Well, a few weeks ago, I was sleeping in my bubble of limited information about what my husband actually does when I got a mysterious knock on my door at 3am. Anyone who was a *little* more prepared may have been alarmed by this... not me. I hopped out of bed thinking that it was probably S having forgotten his key (and I didn't want him to make such a racket and wake the kids up!). I wasn't even really that alarmed at the sight of two huge, burly uniformed 0fficers (keep in mind, I am only 5'2", so huge is a relative term) standing there. Even when I heard the words, "bad accident," "collapsed lung" and "taken to Harborview [the regional trauma center for the entire Northwest]," it still didn't register what kind of problem I was facing because, after all, that bubble I lived in was all-encompassing.
When we arrived at the hospital, things began to sink in. There were tons of c0ps standing around, waiting to be useful in some way and they all had the best intentions. But I can tell you, seeing S lying on a gurney, intubated and medically sedated, I kept looking around wishing, hoping that S was one of the ones standing around, not on that gurney. It was not as if I had never seen anyone in such a condition before, I am a nurse after all. Seeing someone you love in such a vulnerable place, though, is truly humbling.

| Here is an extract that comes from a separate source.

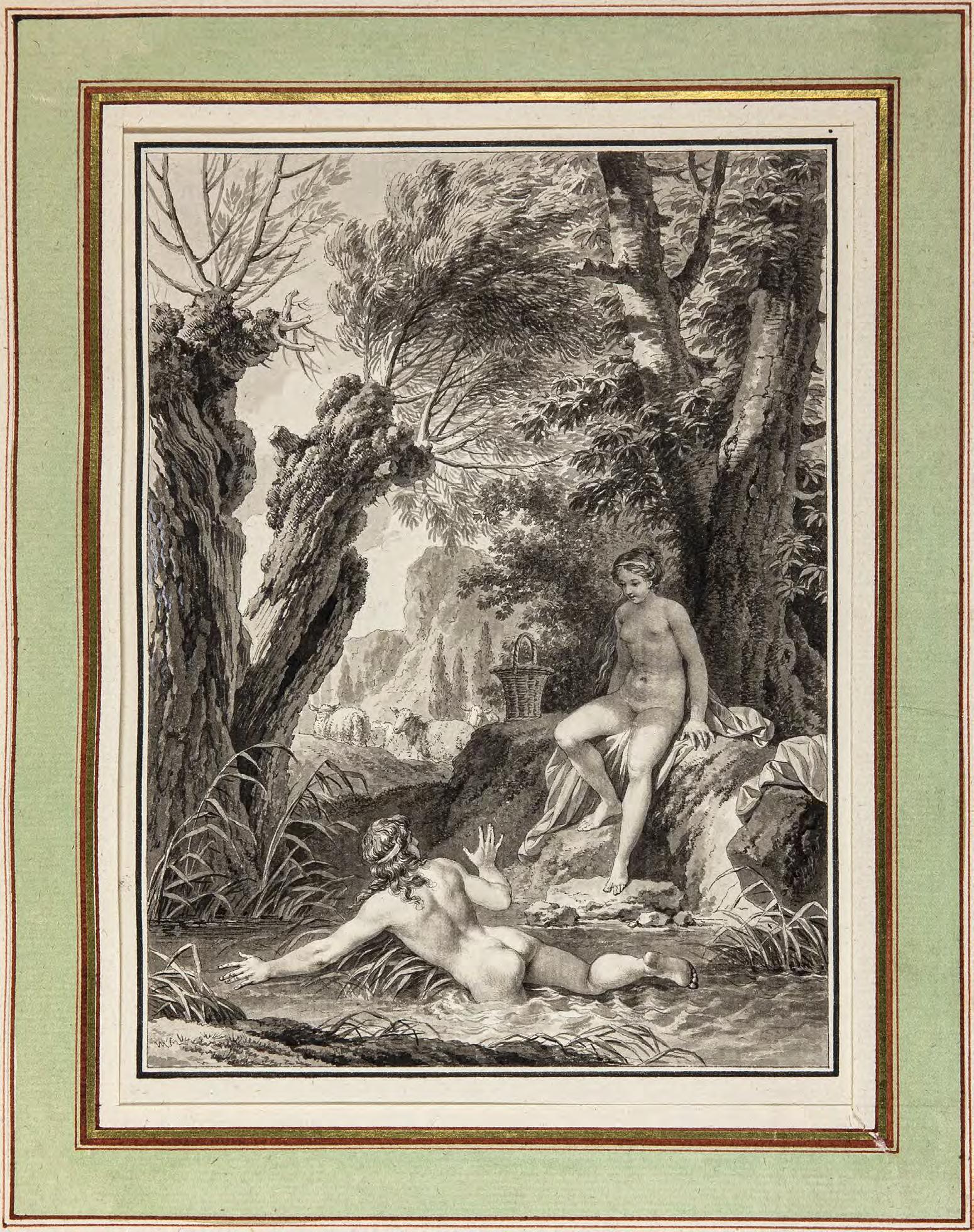 Der letzte Gipfel erwächst lange nach den Lauffeuern der Revolution, sieben Jahre nachdem die Geschäftsträger des Schreckens aufhören, die Tode zu zählen, es ist Didots Folio-Ausgabe von 1800 (– ein Embryo des Kommenden, das allerdings das ganz Andere sein wird: Bonnard, genau hundert Jahre später). Mit den Lavis von Le Barbier, augenliebkosend, den ans Geniale tastenden Erkundungen Baron Gérards, vor allem aber mit den drei Jahrhundertleistungen Prud’hons gelangt der Zug der Longus-Ausgaben an sein säkulares Ende, eine Höhle Ali Babas, ausweglos, und für immer. Die ganze Sammlung, wie sie hier nach hellen Freuden und manchen Hängepartien vorgelegt wird, ist, wie man leicht ersieht, ein Herzensding, eine labour of love, die den Anspruch erhebt, anhand eines einzigen Buchs den Gang der Bebilderung im fruchtbarsten Jahrhundert, dem französischen achtzehnten, zu skizzieren, vielleicht sogar ins Relief zu setzen.

Over and over again, I was being told that he was okay, everything was going to be alright, but that's not how I saw it. Yes, S was still alive-- THANK GOD-- yes, he was not badly injured, yes, there were people there to support me, but none of them had any idea how naked I felt, suddenly living in reality outside of my warm comfortable bubble. I broke down and sobbed for the first time of many right there in the ER. Those moments are still hard to think about. And I can't quite imagine what it will be like the days he goes back to work.

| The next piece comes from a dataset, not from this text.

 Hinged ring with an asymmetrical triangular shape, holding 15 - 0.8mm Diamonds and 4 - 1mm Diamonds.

In retrospect, I have a little more information and a different perspective. It is one of a little more grace, a little more mercy, a whole lot more thanksgiving, and a whole lot less living in the future. When talking to the detectives about the accident, S learned that there were so many variables working against him that the physics of the accident don't really support the reason why he is alive. Essentially, it was a miracle. And on top of that, S came out with a lot of bruises, a few scratches, three broken ribs and THAT IS IT. He has recovered almost all of his lung function and will continue to do so until he is completely healed. If you ever needed a more clear example of Psalm 91, I think we have it here.
So, we've been shaken up a bit. Even after almost 10 years of marriage, I feel stronger than ever before. LilyJoy (and Samuel and Timothy) has gotten to spend lots of concentrated time with her daddy, which she has so desperately needed. We have seen a side of the law enforcement community that is just amazing!! I still haven't had to make a single dinner since the accident on October 5th! They really take care of each other. And I can see that I am needed in that community as well-- how would this experience have been different if the spouses of the other off!cers had been living inside a bubble? I still have some facing fears to do, but I am working on it. And everyday, I am so thankful he's still around.